#57 望まぬ邂逅
 人気のない無機質な研究所の一室。暗い部屋の唯一の照明は複数設置された監視カメラの映像を映すモニターのみ。その中で一人、インカムで喋りながらキーボードとマウスを器用に使う女が慌ただしくまくし立てる。
「神無月。状況報告急いで。開始時刻はとうに回ってるでしょ?」
 目の中に映るいくつかのモニターから必要な情報だけを読みとり、即座に現地の情報を要求する彼女の姿は歴戦のオペレーターと言っても不足はないだろう。

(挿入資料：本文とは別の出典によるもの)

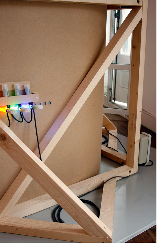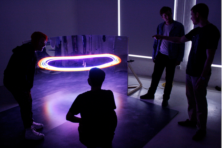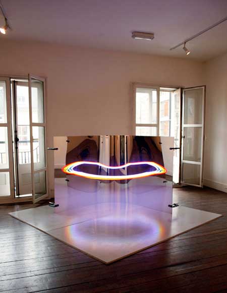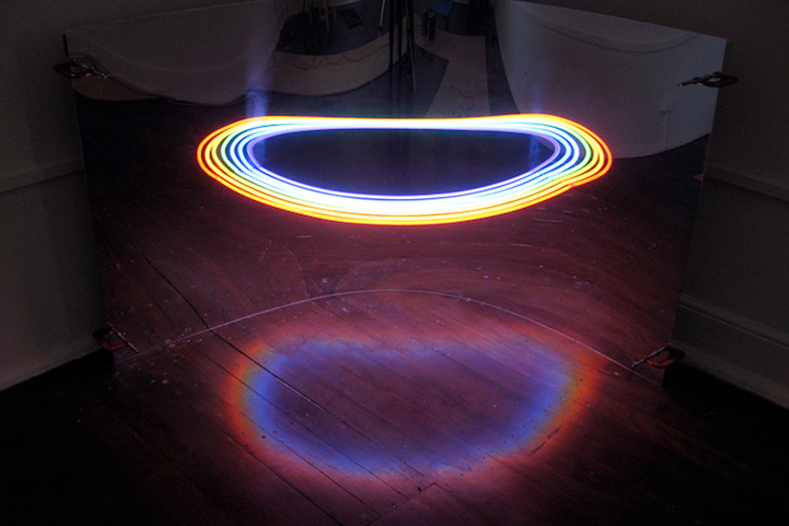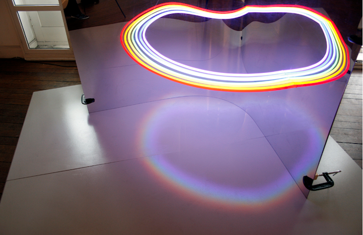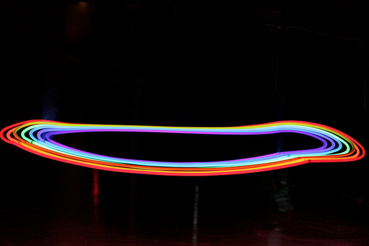 仔細一看,其實這件作品的結構也很簡單,就是兩片木板加上七根霓虹燈管,再加上最重要的「創意」,就成了這件令人猜不透的美麗光圈喔!真的是令人想大喊一聲「MAGIC~!」啊!

 山奥で隠密行動をする二人は全く同じ語調、音程で無感情に状況を報告する。
「「ターゲット11と2は補足済み。だが、イレギュラーが現れた」」
「イレギュラー?」
 右手のマウスを駆使し、森中の監視カメラをぐりぐりと回す。森の入口に設置されたカメラに不自然な人影が一つ。それは神無月達のような隠密行動ではなく、堂々と林道の中心を歩いている。背後からわかる情報は彼が派手な金髪であることと、彼の口元から上がる紫煙くらいだった。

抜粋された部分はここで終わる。